* Task requirements *
Leave the pictures out. Retype exactly the lines below from the one containing "3rd Texas Infantry" through the one containing "Step #6 - Clip", and no others.

* Excerpted data *
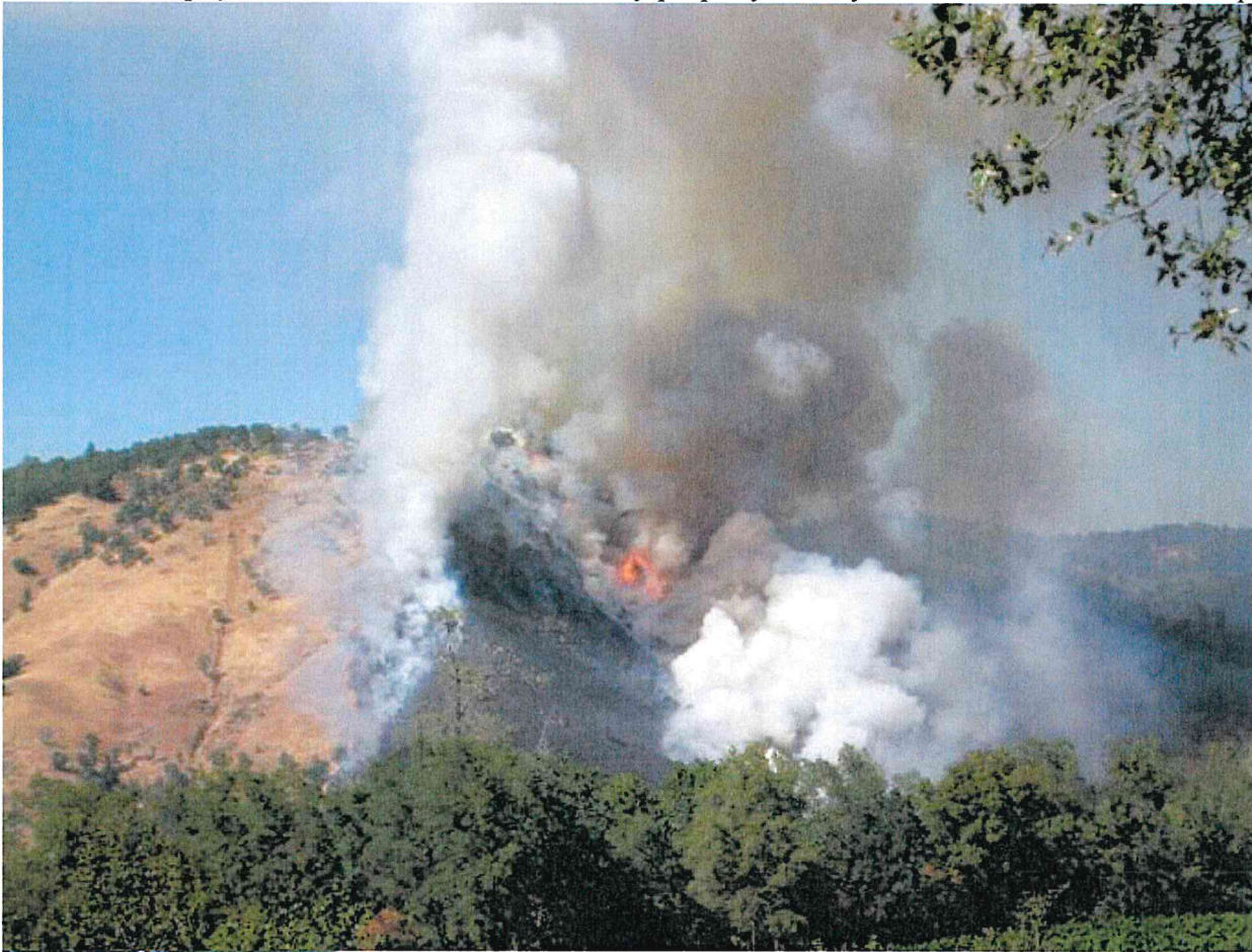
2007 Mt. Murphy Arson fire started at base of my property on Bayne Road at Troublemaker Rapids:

---

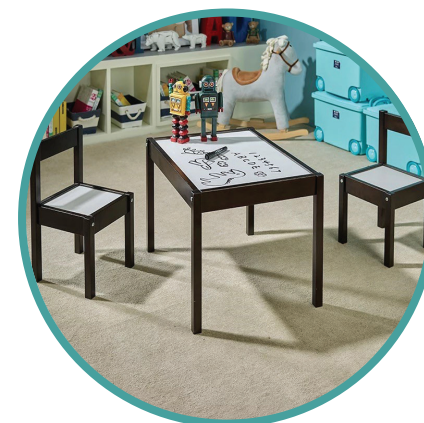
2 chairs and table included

==

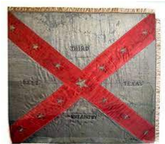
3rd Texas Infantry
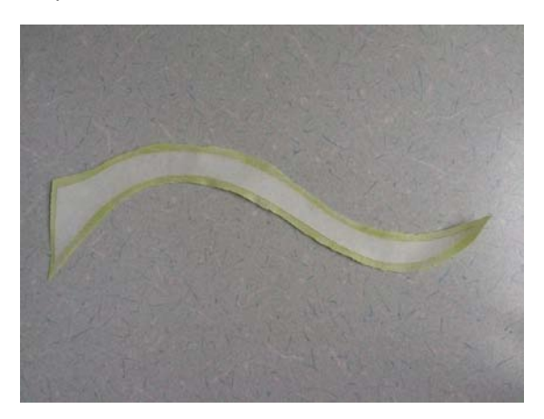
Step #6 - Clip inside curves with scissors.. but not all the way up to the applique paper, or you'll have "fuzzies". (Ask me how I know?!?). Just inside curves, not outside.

* Task response *
3rd Texas Infantry
Step #6 - Clip inside curves with scissors.. but not all the way up to the applique paper, or you'll have "fuzzies". (Ask me how I know?!?). Just inside curves, not outside.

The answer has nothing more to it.